Thursday, April 19, 2012

Because I'm not controversial enough: Late term abortions

I’ve always been pro-choice/pro-women’s-freedom, but I was at one point opposed to late-term abortions. Why? Because I didn’t know the facts. I thought late term abortions occurred because women were too stupid/fickle to make the decision earlier. I bought into the so-called pro-life movement’s claim that there were these awful, barbaric women out there deliberately waiting until they were 6 months along before having a nearly-viable fetus brutally destroyed.

The truth is that only 1.3% (CDC, 2011) of abortions occur after 20 weeks, and these are usually the situations that deserve the most compassion and the most respect for the difficult and painful choices a woman sometimes has to make. Though there are no reliable statistics for why women choose to have late-term abortions, the Journal of the American Medical Association (JAMA) cites “illnesses of women and fetal anomalies” as major factors.

Of course, Georgia and, y’know, the entire federal government are working to remove women from the equation. On April 2, Georgia passed a bill affectionately referred to the “Women as Livestock” bill. Rep. Terry England famously stated that if livestock have to "deliver calves, dead or alive," then a woman carrying a dead fetus after 20 weeks, or one not expected to survive, should have to do so as well. Because if money/technology prevent farmers from showing compassion to animals, why should a government full of men have to respect the basic human rights of women? Naturally, the bill does not include exemptions for the woman’s health, rape or incest. In Georgia, they love their incest.

On October 13, 2011, the US House voted 251 to 170 to pass a bill that prohibits hospitals that receive federal funds (not the abortion-funding kind, those don’t exist, as I’ve pointed out before) cannot perform a late-term abortion, even if it is necessary to save a woman’s life. The bill also removes the requirement that hospitals without the facilities to perform an abortion transfer those women who need life-saving abortions to a different provider. Women can literally be forced to die on the floor, rather than be provided with a life-saving, still-legal and medically-necessary procedure.

These are the precedents we’re allowing to be set. In the name of “religion” and “unborn rights.”

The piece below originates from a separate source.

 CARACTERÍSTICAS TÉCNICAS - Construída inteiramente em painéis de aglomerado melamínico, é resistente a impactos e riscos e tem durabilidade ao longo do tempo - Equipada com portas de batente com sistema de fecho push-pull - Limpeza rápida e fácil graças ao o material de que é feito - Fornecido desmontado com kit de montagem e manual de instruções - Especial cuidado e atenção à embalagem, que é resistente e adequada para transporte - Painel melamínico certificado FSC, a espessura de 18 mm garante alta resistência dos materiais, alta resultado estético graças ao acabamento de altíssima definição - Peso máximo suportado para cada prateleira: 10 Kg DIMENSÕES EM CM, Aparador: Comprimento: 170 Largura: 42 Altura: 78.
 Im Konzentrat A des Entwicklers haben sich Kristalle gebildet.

Another JAMA article states that “other risk factors include young age, low educational attainment, having had a sexually transmitted disease, and ambivalence about the decision to abort.” Oddly enough, the restrictions and limitations Republicans have enacted to discourage abortions (abstinence-only education, requirements to visit ‘crisis centers,’ coercion through forced ultrasounds, etc.) actually contribute to later-term abortions. Go figure.

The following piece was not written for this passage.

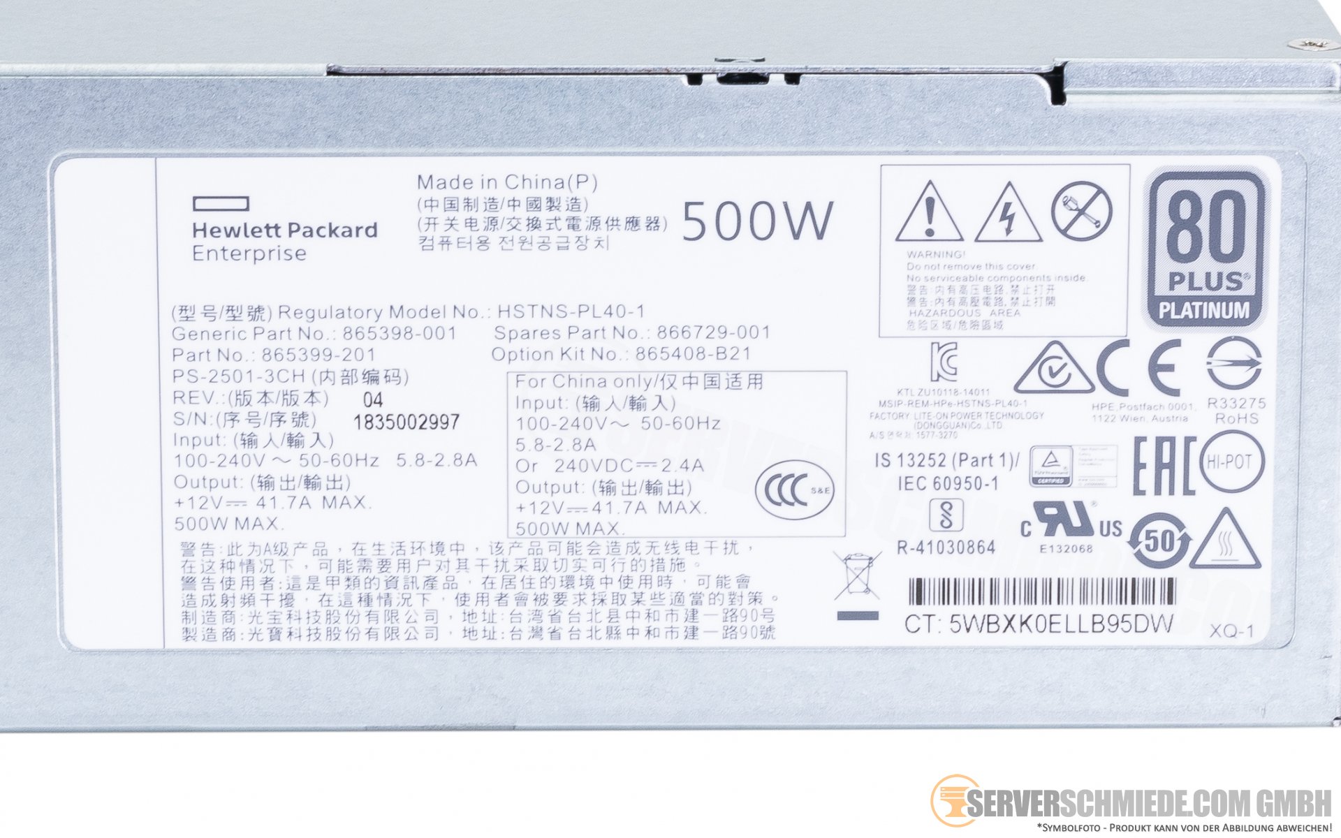 HP 500W Flex Slot Platinum Hot Plug Low Halogen 80 Plus PSU Netzteil Gen10 Gen10 Plus 865399-201

An abortion position paper from Abortion Rights Coalition of Canada very succinctly states the point that everyone here seems to miss:

Abortion opponents target rare cases of late term abortion, describing it in horrific detail, to evoke an emotional response in listeners. Their ultimate goal is to restrict all abortion rights. What these lobbyists strategically fail to mention, however, is that banning late term abortions would force women pregnant with dying fetuses to give birth at great risk to their own health, undermining both the rights of women and the medical authority of doctors.

Late term abortions are more heart-rending, yes, because the fetus is further developed, but the numbers show that women are not selfishly waiting until the last possible minute and then heartlessly deciding to murder an innocent baby. These are medical decisions made by women and their health care providers – legislators have no right to be involved in those decisions. Access to basic health care and human rights is even more important when the woman’s life is actually in danger. 


  1. Just the terminology ALONE ("Livestock?" SERIOUSLY??? It's not bad enough that we women sometimes feel bloated like cows that they have to imply it?) is demeaning. Reminds me of the mildly-comical rhetoric of "water-boarding" to mask and trivialize torture tactics.

    As much as I hate to say this, it doesn't entirely surprise me that with our sub-par healthcare system that U.S. hospitals are given the green to refuse treating patients, whether it be to perform a controversial life-saving procedure or merely to see a doctor. For the women who are at risk of dying, is it not enough that they have to deal with making a heart-breaking decision and then be faced with having to sacrifice their lives? Ultimately, if the woman does want to bear her child, despite the dangerous circumstances, that should *still* be HER CHOICE.

    What if one day, blood transfusions are made illegal because it is stated that mingling blood goes against religious beliefs? Extreme case, perhaps, but it wouldn't surprise me if legislative powers eroded that, too.


    1. I still havent decided if I'm more disgusted with the livestock comparison or the insect comparison (the war on caterpillars...) Can we all just collectively sue for slander and get rich enough to evict all these idiots from the country?

      And I think you're absolutely right on the direction we're heading with medical procedures. There's still debate over whether gay people can donate blood. Science and religion just don't mix.